Have you had a class on the Henderson-Hasselbalch equation?
pH = pKa + log[(base)/(acid)]
The base is aniline (0.30M) and the acid is the chloride(0.15M). The pKa is the pKa of aniline. In my book the Kb for aniline is 3.94E-10 which makes pKb = 9.40 and that subtracted from 14 makes pKa = 4.60.

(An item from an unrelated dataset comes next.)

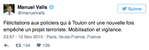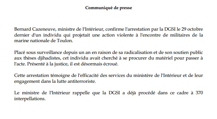 En cause : le fait qu’un couteau de combat et une cagoule dépassaient de l’un des colis. Aurait-il fini par être appréhendé quoiqu’il advienne ? Je l’espère. Sous surveillance, le suspect soutenait régulièrement sur Facebook des appels au djihad et conversait avec un contact, situé en Syrie et originaire de Roubaix, en vue de frapper des militaires de la marine nationale sur une base de Toulon. Plus qu’à espérer que ce type d’opération antiterroriste soit suffisamment rodé pour prévenir tout type d’attaque sur le sol français.
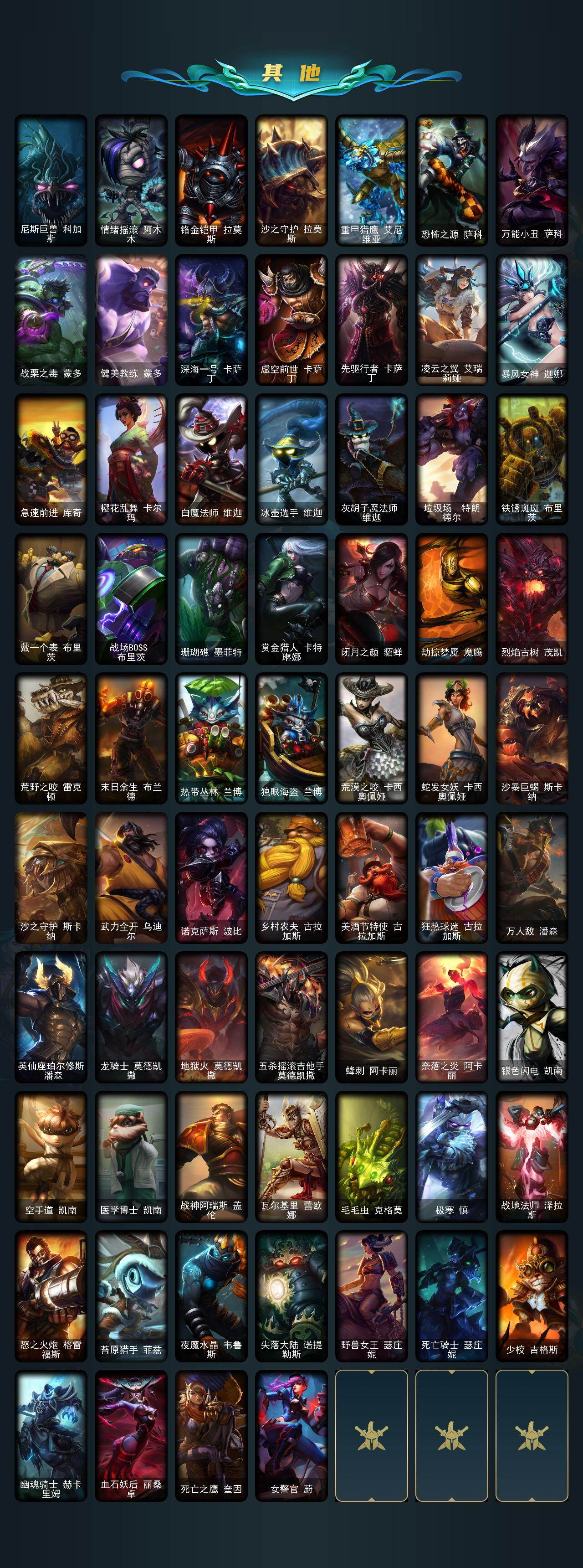 【冰雪限定】:幸福女神乐芙兰,圣诞开心鬼提莫,圣诞精灵崔丝塔娜,圣诞狂欢努努和威朗普,圣诞糖果棒厄运小姐,阿木木“主人不要我了”,胡桃夹子萨科,平安夜女神娑娜,英勇玩具兵普朗克,夺命美人卡特琳娜,喜庆之树茂凯,冬

The ionization equation for aniline is
C6H5NH2 + HOH ==> C6H5NH3^+ + OH^-
No, my professor didn't teach student on Henderson-Hasselbalch equation. My professor only show us the Henderson-Hasselblach forumla but not show how to use it. Also she didn't give us what is pKa for this problem. Anyway, thank you so much for your help.
How did you get the 3.94E-10?
As I stated in my response I looked up Kb for aniline in one of my texts and obtained 3.94E-10. You should look it up in your text; your text may have a slightly different value. However, -log Kb = pKb; therefore, pKb for aniline from my value is 9.40 and since pKa + pKb = 14, then pKa = 14-9.40 = 4.60.
Then substitute into the HH equation this way,
pH = 4.60 + log(0.30)/(0.15) and solve for pH. I get 4.90.
There is another way to do it and not use the HH equation.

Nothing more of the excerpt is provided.